The Phase 2 clinical trial (NCT03315130), currently recruiting at 30 sites across the U.S. and Canada, aims to enroll 36 patients with generalized myasthenia gravis. Patients will be randomized to a placebo (control) or one of two treatment arms.

Researchers will test two doses of RA101495 — 0.1 mg/kg and 0.3 mg/kg — administered as a daily subcutaneous injection, and matching placebo for 12 weeks (3 months).

Its primary objective (endpoint) is to determine the changes in the Quantitative Myasthenia Gravis (QMG) score from baseline up to 12 weeks of treatment. As an additional (secondary) endpoint, researchers will assess how the therapy improved patients’ daily activity, according to the changes in the Myasthenia Gravis-Activities of Daily Living (MG-ADL) scale.

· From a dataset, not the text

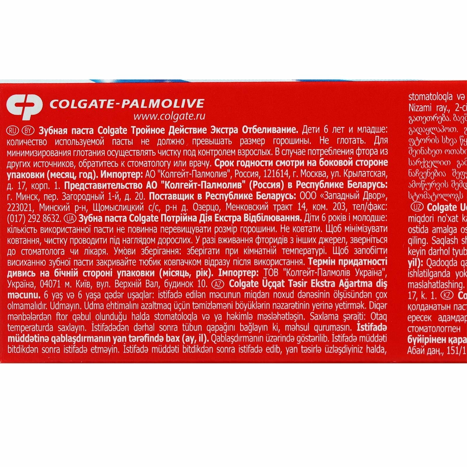 Colgate Зубная паста Тройное действие Экстра отбеливание для восстановления естественной белизны зубов 100 мл - 3 шт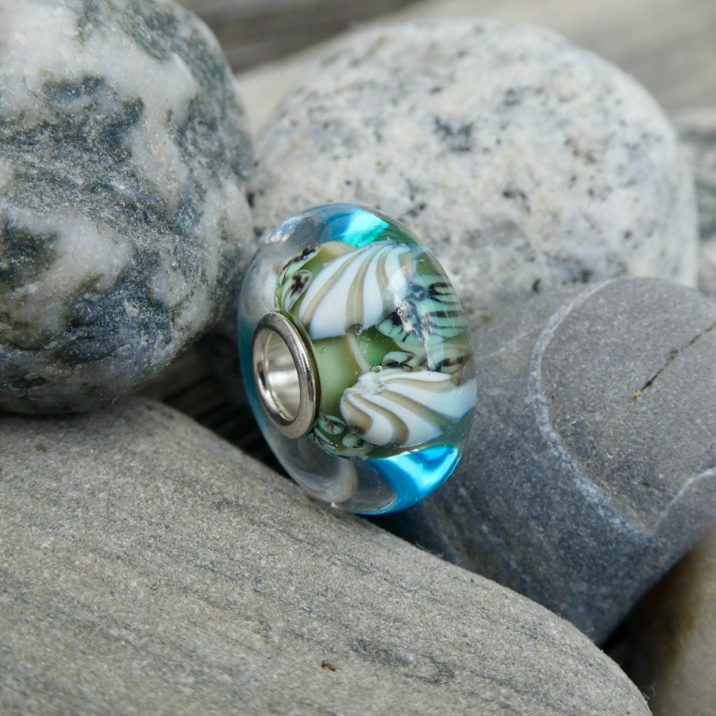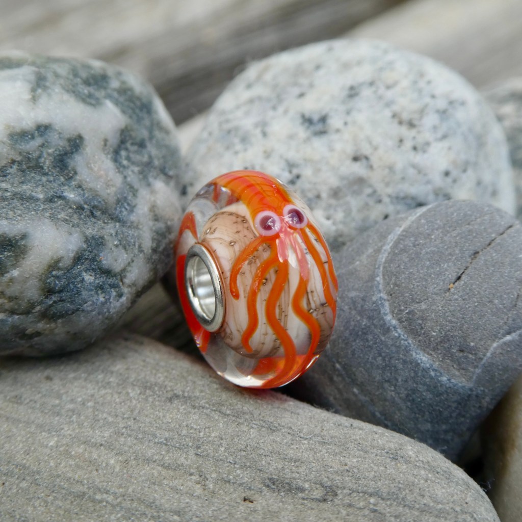 Jolly Jellyfish blends in with the above beads with its blue and white colouring. Be carefree but not careless.

Enrollment information is available here; the trial is expected to conclude in early 2019.

“After more than a decade of raising awareness through the observance of Rare Disease Day and achieving great progress in rare disease research, there is still significant work to be done to develop treatments and Ra Pharma is committed to the fight against rare diseases,” Doug Treco, president and chief executive officer of Ra Pharma, said in a press release.

“Since Rare Disease Day 2017, Ra Pharma has implemented and completed a global Phase 2 program for our lead compound RA101495 SC  … We remain committed to advancing the development of RA101495 SC across a broad range of indications to address the significant unmet need for these patients,” he concluded.